◆ **Exercise details**
Once you find the line with "六宮 波暖さんを姓名の画数から五運を鑑定" in the entries below, return exactly every line from it through the line with "Amalia Howard Resume".

◆ **Data under study**
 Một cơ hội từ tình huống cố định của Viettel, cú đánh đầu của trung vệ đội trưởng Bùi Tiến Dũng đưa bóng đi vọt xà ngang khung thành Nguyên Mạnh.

* * *

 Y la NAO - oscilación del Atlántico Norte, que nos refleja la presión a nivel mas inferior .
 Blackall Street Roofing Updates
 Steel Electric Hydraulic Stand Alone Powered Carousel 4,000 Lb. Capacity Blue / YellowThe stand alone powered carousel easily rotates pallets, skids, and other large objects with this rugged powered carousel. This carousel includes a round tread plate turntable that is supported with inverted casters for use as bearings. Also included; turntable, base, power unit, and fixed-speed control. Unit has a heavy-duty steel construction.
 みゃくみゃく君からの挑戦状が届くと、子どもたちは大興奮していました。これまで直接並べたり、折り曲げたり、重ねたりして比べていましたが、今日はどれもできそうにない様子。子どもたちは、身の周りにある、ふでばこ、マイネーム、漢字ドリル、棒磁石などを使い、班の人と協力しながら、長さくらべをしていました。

--

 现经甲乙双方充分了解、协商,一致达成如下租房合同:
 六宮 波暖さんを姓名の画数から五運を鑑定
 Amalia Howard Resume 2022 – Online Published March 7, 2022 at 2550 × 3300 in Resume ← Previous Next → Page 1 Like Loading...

◆ **Response**
 六宮 波暖さんを姓名の画数から五運を鑑定
 Amalia Howard Resume 2022 – Online Published March 7, 2022 at 2550 × 3300 in Resume ← Previous Next → Page 1 Like Loading...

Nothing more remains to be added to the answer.